August 3, 2013
I’m writing this just a couple minutes after watching the EverQuest Next reveal video on Twitch. I couldn’t watch it live yesterday, but it was totally worth the wait. For an hour and a half, I was on the edge of my chair. The introduction was a beautiful piece of sand performance art, which I otherwise won’t talk about. The rest of the video was an introduction into what will probably be the single most revolutionary MMORPG to come out since 2003.
Dave Georgeson, director of development for EverQuest Next, started things off with a reveal of the art style. Let me tell you, this is a gorgeous game. The whole thing is very painterly, and is rendered using a modified version of the engine powering Planetside 2.
All of the races have been redone, and we were treated to concept art for several: the High Elf, the Dark Elf, the Human, the Dwarf, and the Kerran. The Dark Elf and the Kerran were probably the biggest departure from previous EQ designs. Kerrans are distinctly more lionesque, with pronounced lion’s heads instead of the old cat faces and huge builds. Dark elves look like standard dark elves, except they have draconic eyes and short horns. There’s a story behind that that I really want to hear.

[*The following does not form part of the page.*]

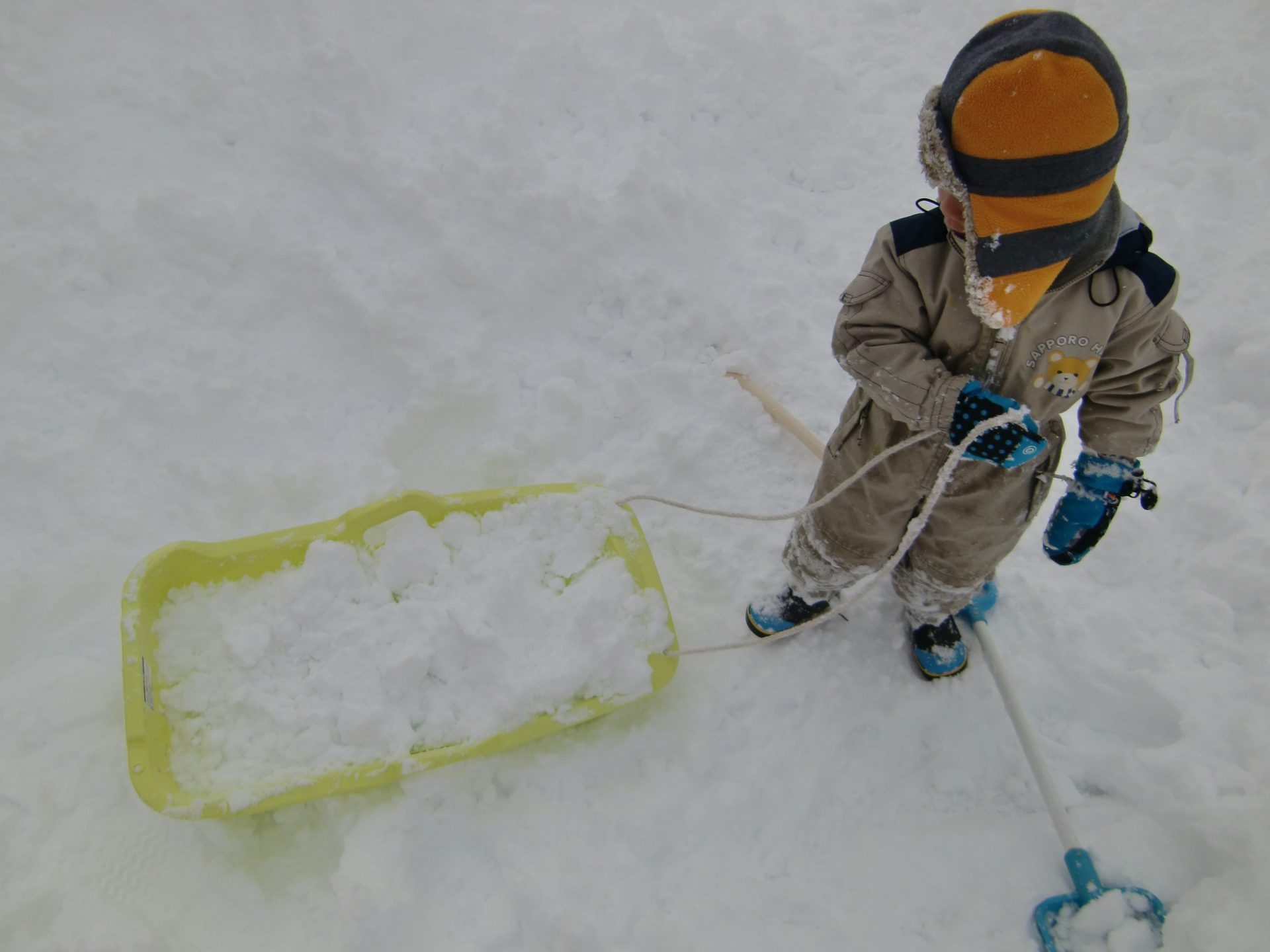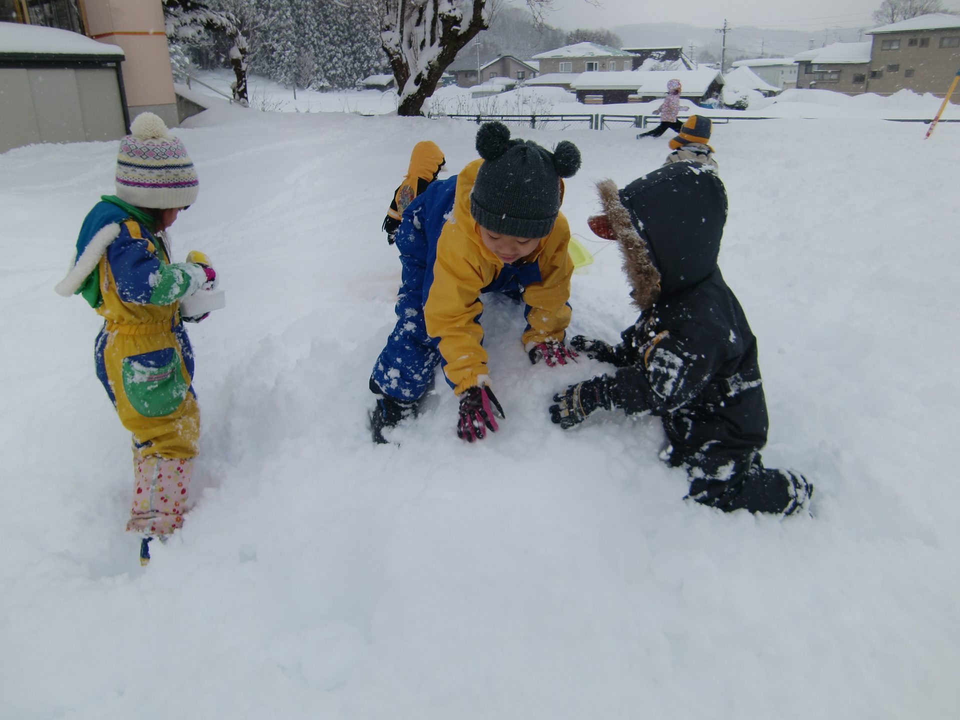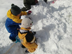 ふかふかの雪を踏み分け道を開拓したり、ソリ滑りをしたり、雪合戦をしたりと、たくさんの雪と触れあう中で、その日ごとの雪の様子にも少しずつ気付けるようになりました。

The art style for characters is exaggerated, even slightly cartoony. I’m really OK with that, especially since they’re building SOEmote into the game from the beginning. It’s easy to see the expressions of the players themselves on their characters, and that’s marvelous for a roleplayer, but also for immersion and socializing in general.
Movement is fantastic. Characters slide, leap, vault, grab, and otherwise interact with the terrain in a very natural way. With EQN’s “active movement system,” players are free to really enjoy moving around in the world. There are items and spells that allow additional ways to move, like the Boots of the Zephyr in the video that allowed the players to float gently downward. Brilliant stuff.
Then, we got into the Four Grails, as Dave put it.
Grail 1 is the “Core Game.” This was the least impressive of the Grails, but it was still nice to see. Character evolution from a mechanical standpoint is based on collecting classes from around the world and mixing and matching abilities from them. It sounds like a hybrid of Guild Wars 2’s system and Rift’s system. Weapon choice matters, like it does in GW2.
Grail 2 is “Destructibility,” and this was the first mind-blowing revelation. The entire game world is built of voxels, despite looking natural and perfectly designed. It’s fully destructible, even though it heals over time. It’s like if SOE took a look at Minecraft and applied that on a grand scale. The way it works, too, is gorgeous. You can definitely see the aftermath of epic battles in the environment that it occurred in.
Grail 3 is “A Life of Consequence.” Besides the standard “every action you take matters” spiel, we were introduced to the idea of emergent AI in an MMO. SOE will create mob behavioral patterns - likes, dislikes, etc. - and then release mobs of that type into the world. They will live, react, and die according to how they’re programmed to behave. This means it’s entirely possible to have roving bands of orcs that actually decide to set up camp in a particular area - choose their own spawn point, as it were. It’s also possible to drive them out.
Grail 4 is “Permanent Change.” For the most part, Dave talked about the Rallying Cry system, which is a little like a server-wide public quest that lasts 2-3 months each… and has permanent effect on the game world. These Rallying Cries are promised to be different on every server, and that along with the Life of Consequence and Destructibility Grails ensure that no two servers will have the same environment and history, let alone community.
As if all this wasn’t enough, then they got into the EverQuest Next Landmark game that’s coming out later in 2013. Landmark sounds basically like Minecraft on an epic scale, except that one continent in each Landmark server will have EverQuest Next art direction enforced… and creations from those areas will make it into EverQuest Next as real, lasting landmarks.
On top of that, SOE’s Player Studio will find a very interesting real money economy implementation for people who enjoy building things in Landmark; you’ll be able to sell not only finished works, but components. The example that Dave gave was of a player creating a nice crenelated tower. People could buy that tower, then make castles from it and sell those castles, and the player who created the tower would get royalties based on how many of that tower were used in the castle design for every castle sold. It’s a fascinating system.
Basically, EverQuest Next sounds like the game I’ve been waiting for my entire gaming life. I really want to hear about how the crafting system works, and more about all the races, but… it sounds awe-inspiring. EverQuest Next takes player involvement in the game to a level never before seen.